A South Australian Research and Development Institute, GPO Box 397, Adelaide, SA 5001, Australia.

B Rutherglen Research Institute, Department of Primary Industries, RMB 1145, Rutherglen, Vic. 3685, Australia.

C Corresponding author. Email: ballard.ross@saugov.sa.gov.au

Australian Journal of Experimental Agriculture 45(3) 209-216 https://doi.org/10.1071/EA03126
Submitted: 24 June 2003  Accepted: 24 December 2003   Published: 14 April 2005

Abstract

Strains of Sinorhizobium meliloti were compared for their saprophytic competence (ability to survive and colonise) in mildly acidic (pHCa 4.8–5.4) soils, using a ‘cross-row’ technique at 3 field locations in the south-east of South Australia. Some strains of rhizobia had greater saprophytic competence than others. Strain WSM879 performed consistently well, nodulating 36% of lucerne seedlings (mean of 3 sites and 4 sampling regions) compared with former inoculant strain WSM826 which nodulated 27% of lucerne seedlings. At one site, strain WSM879 was compared with the former and current Australian inoculant strains (WSM826 and RRI128, respectively). Here, all 3 strains nodulated a similar percentage of lucerne seedlings. However, the addition of 5 t/ha of lime to the soil at this site increased the percentage of lucerne plants nodulated from 23 to 43%. This increase was due to a combination of better strain survival and colonisation and indicates there remains some potential to further improve these aspects of strain performance.

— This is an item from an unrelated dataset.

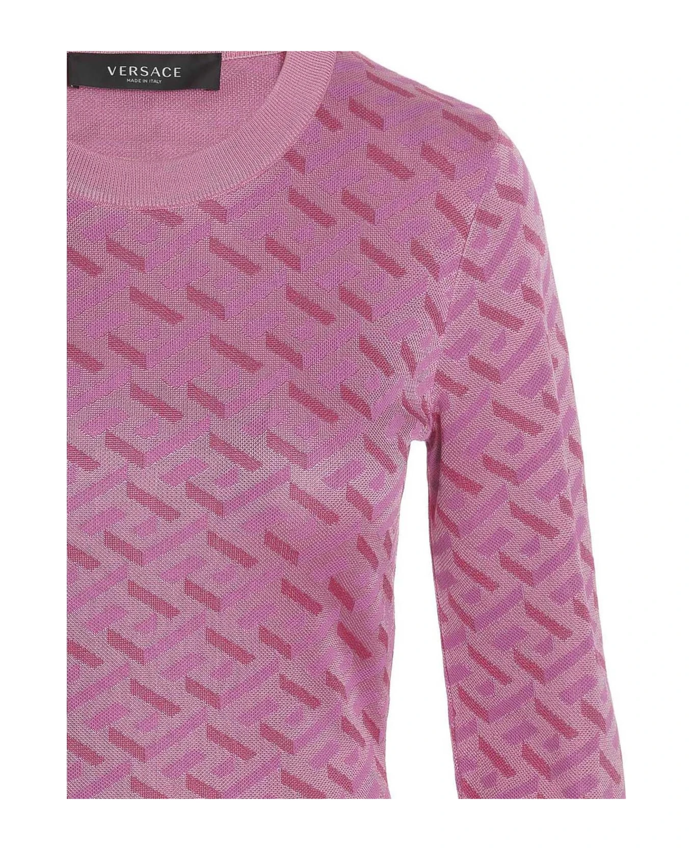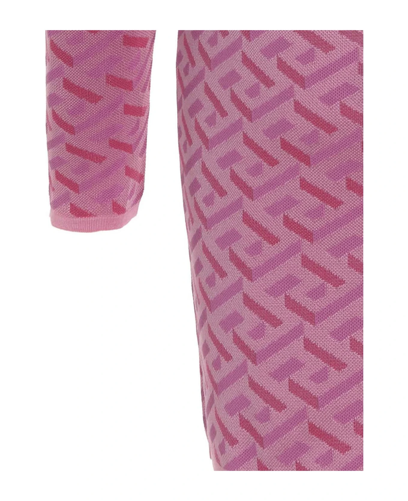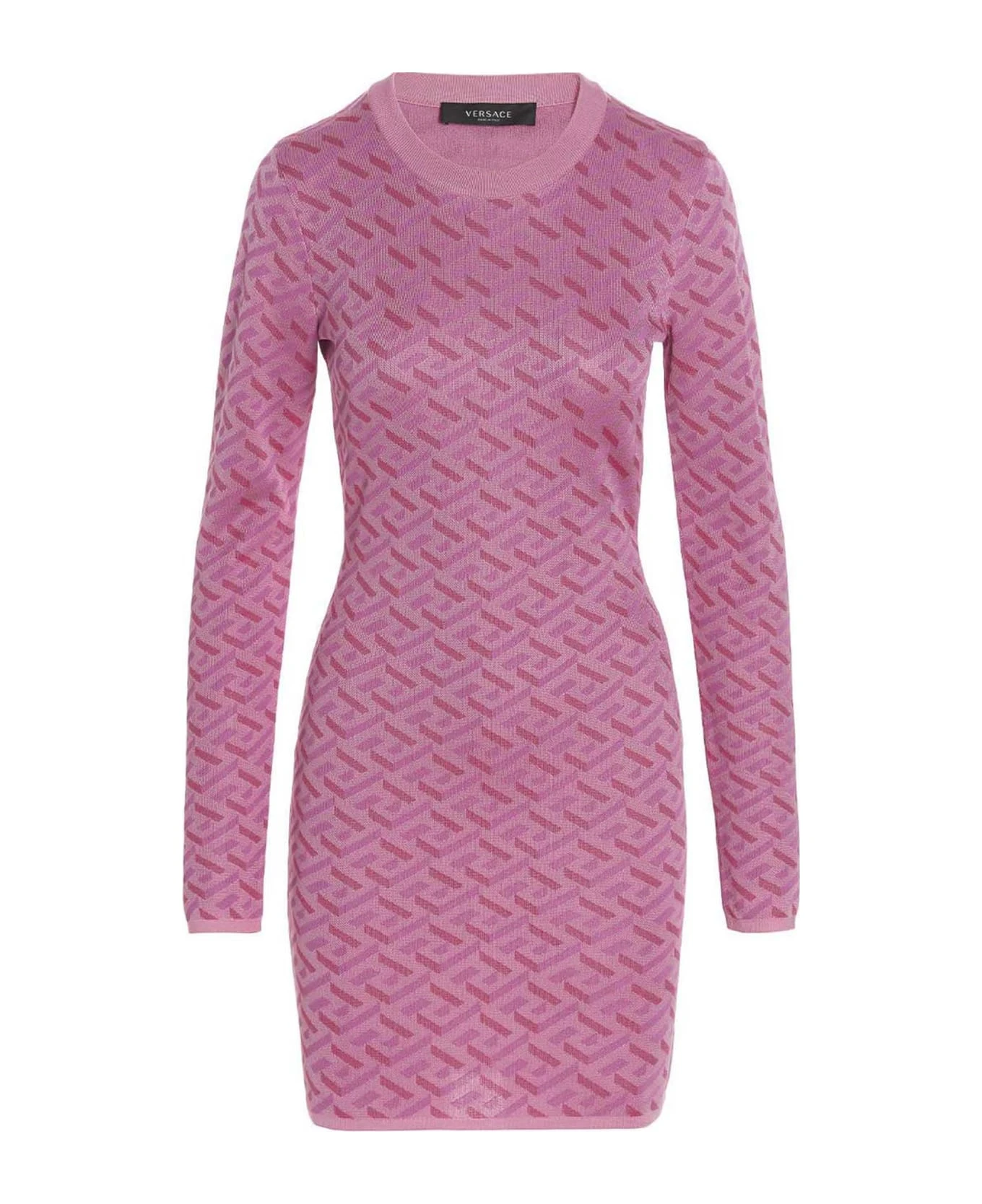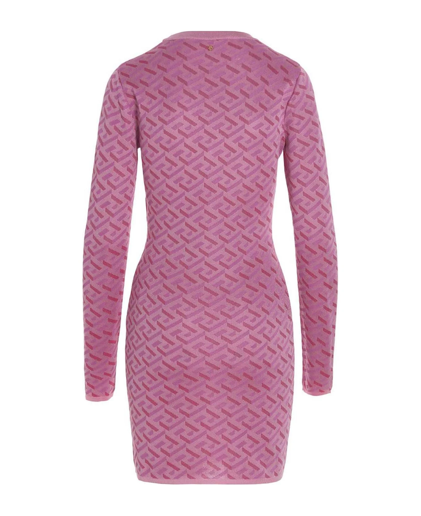 Knitted dress with all-over ‘La Greca’ pattern, crew neck, long sleeves.

The growth of 4 of the rhizobial strains from the field trials was measured on acidified agar media (between pH 4.0 and 7.5). There was virtually no colony growth (<10% of growth at pH 7.0) by strains WSM826, RRI128 and WSM879, at or below pH 6.0. Although strain MSUR52a was still able to grow (40% of potential) at pH 6.0 (in the absence of aluminium) this was not always reflected in better nodulation of lucerne seedlings by this strain in the field. Inclusion of aluminium in the media increased the sensitivity of the strains to acidity.

The ability of 6 selected S. meliloti strains to form effective symbioses with 15 plant hosts (from Medicago sativa, Medicago littoralis and Medicago tornata) was compared. All S. meliloti strains formed effective symbioses with all plant hosts. Overall, strain RRI128 was the most effective strain with both the lucernes and the annual medics, resulting in shoot weights similar to those of plants supplied with mineral nitrogen.

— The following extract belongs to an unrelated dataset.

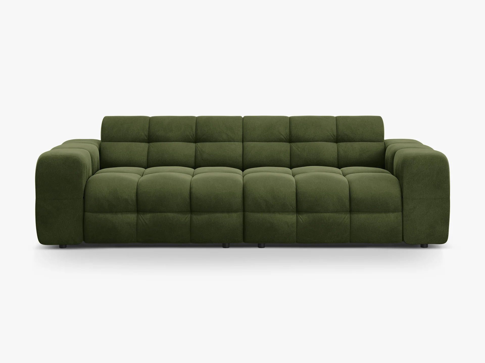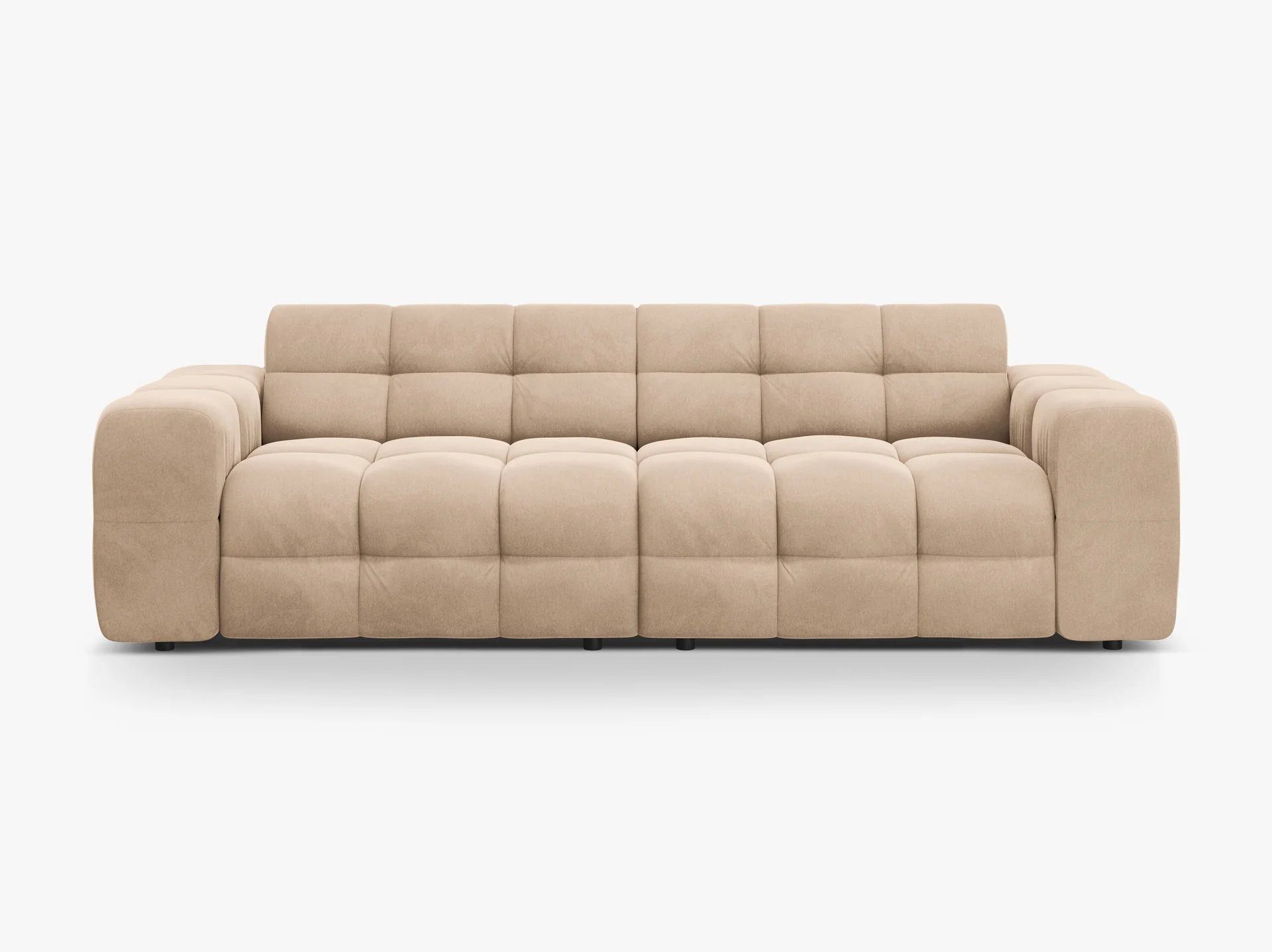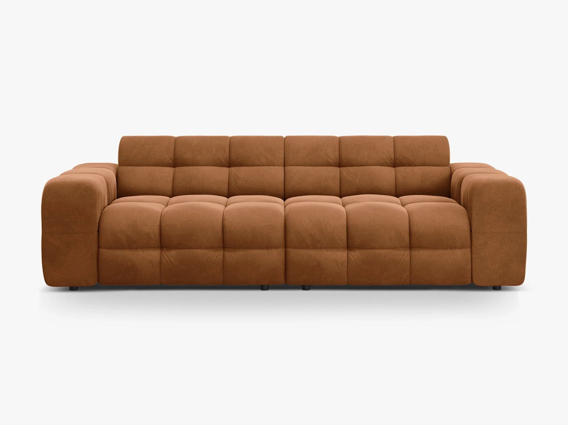 Das spektakuläre Sofa Kendal besticht durch seine markanten Steppungen und Ziernähte in der gesamten Polsterung. Die geschwungenen Sitz-, Rücken- und Armlehnen sowie der Sockel laden zum entspannten Verweilen ein. Das Sofa sieht von allen Seiten gleich gut aus. Dieses erstaunliche Möbelstück ist nicht nur ein Blickfang, sondern vor allem sehr bequem, was durch die komfortable Polsterung garantiert wird. Diese avantgardistische Interpretation des klassischen Sofas mit seinen schuppenartigen Steppnähten und seiner ausladenden Form wird alle ansprechen, die auf der Suche nach Designinnovationen sind und Experimente nicht scheuen.

Additional keywords: rhizobia, acid tolerance, nitrogen, N2 fixation.


Acknowledgments

We thank Brett Shepherd, Neil Schubert and David Pearce for their excellent technical assistance and Debra Partington and Janine Jones for their assistance with the statistical analysis. We also thank the Boddingtons, Browns and Klitschers for their encouragement and for allowing us to have field trials on their properties. The Grains Research and Development Corporation and the South Australian Cattle Compensation Fund provided financial assistance for this work.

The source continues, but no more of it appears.